Thirdly, the study does not focus on other ways in which the criminal justice system disproportionately targets black Americans, and it is likely that other forms of structural racism – such as segregation, mass incarceration, and serial forced displacement – also contribute to poor population mental health.
Finally, the study did not include data on other vulnerable populations, such as Hispanics or Native Americans, nor did it consider the impact of police killings on the mental health of police officers themselves.
Senior author Alexander Tsai, a psychiatrist at the Massachusetts General Hospital and Harvard Medical School, said: ‘Therapists and first responders are all too familiar with the potentially devastating effects of vicarious trauma. ‘By highlighting the effect of police killings on the wider community, our study provides evidence on a national scale that racism can be experienced vicariously.

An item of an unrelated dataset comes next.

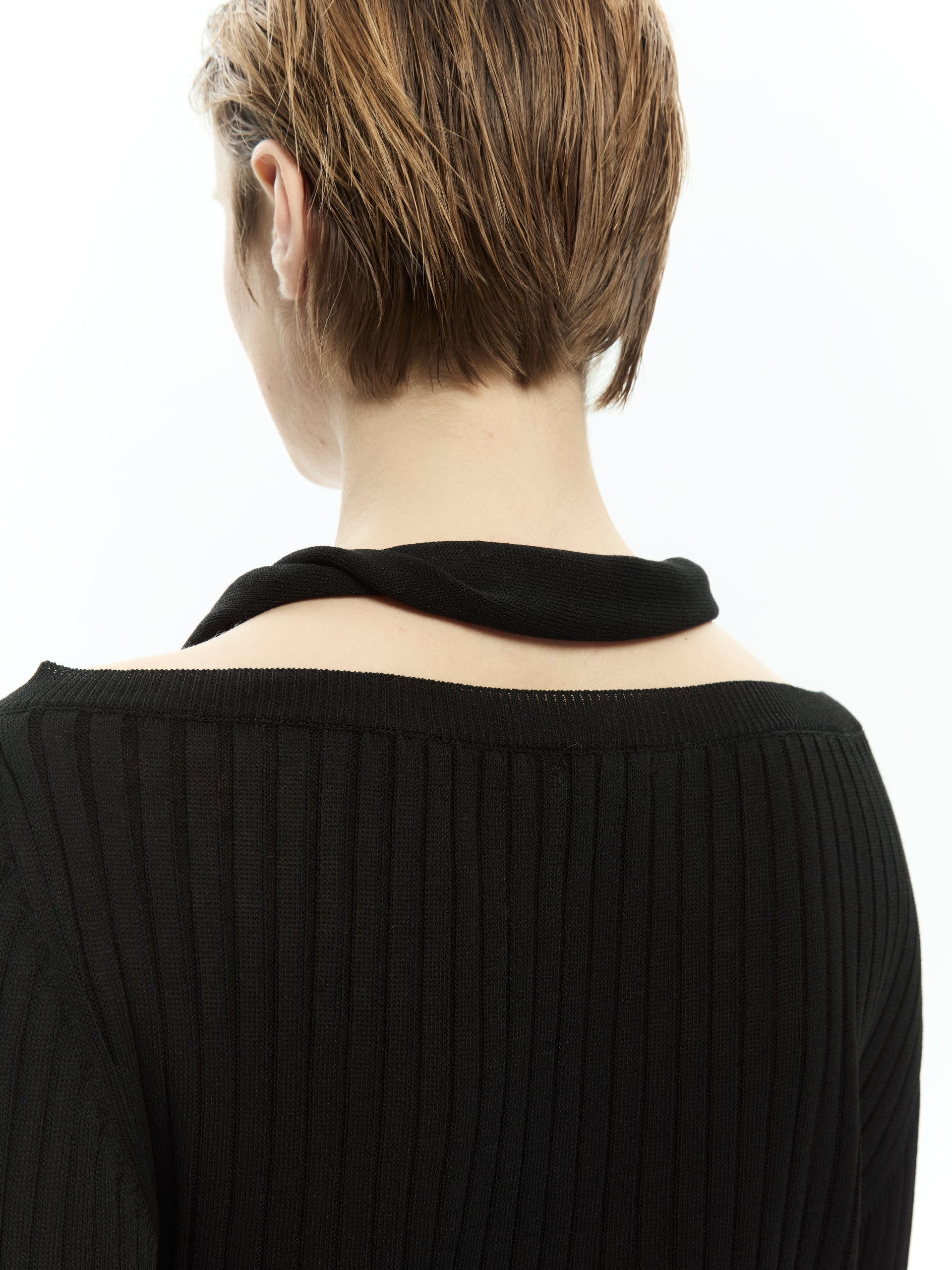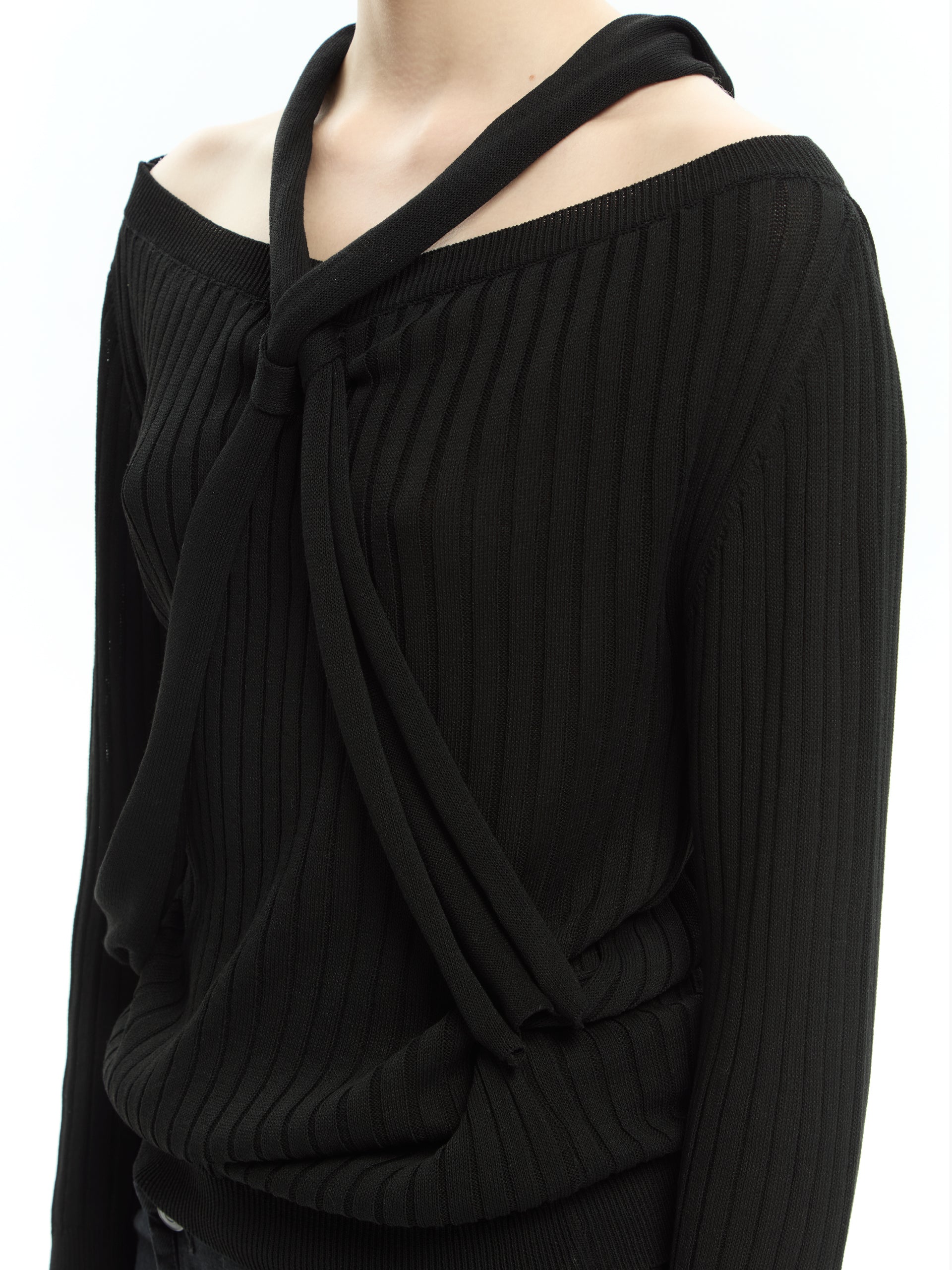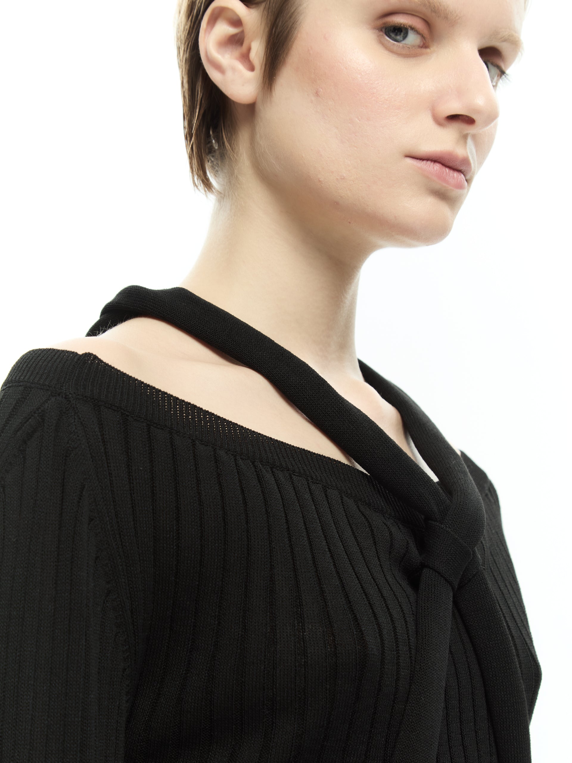 Linee essenziali e un dettaglio grafico che definisce il carattere del capo. La lavorazione a coste verticali valorizza la silhouette, mentre la fascia annodata che attraversa il décolleté e il busto crea un effetto asimmetrico sofisticato e contemporaneo. Perfetta per costruire look minimal ma ricercati.

‘Interventions are needed to reduce the prevalence of these killings and to support the mental health of communities affected when they do occur. ‘For example, in the wake of such killings, affected police departments could deploy greater resources to community problem oriented policing, give community stakeholders subpoena powers in investigating officer-involved shootings, and pursue disciplinary actions against involved officers with greater transparency.’
In a linked Comment, Dr Rhea W Boyd, Palo Alto Medical Foundation (USA) wrote: ‘Racism lands, violently, on bodies – not as a function of race but as a function of how humans order society (racial hierarchy), assign power (racial supremacy), and distribute resources (racial inequity).
‘Labelling the attributable mental health outcome a “spillover effect”, the authors adjoin the taxonomy of terms such as “weathering” and “toxic stress” to articulate potential pathophysiological mechanisms for the built harm of racism.
‘This intentional naming of racism is crucial to advancing an anti-racist praxis in medicine and public health… Despite (the) limitations, the findings (of the study) are urgent and instructive. (The authors’) work to acknowledge and address the clinical impact of police killing black Americans sits within a broader clinical imperative to rigorously define and intervene in the relationship between structural racism and clinical outcomes. ‘This evidence should ignite inquiry into the broader health impacts of police violence and advance the challenge to confront racial health inequities as products of racism.’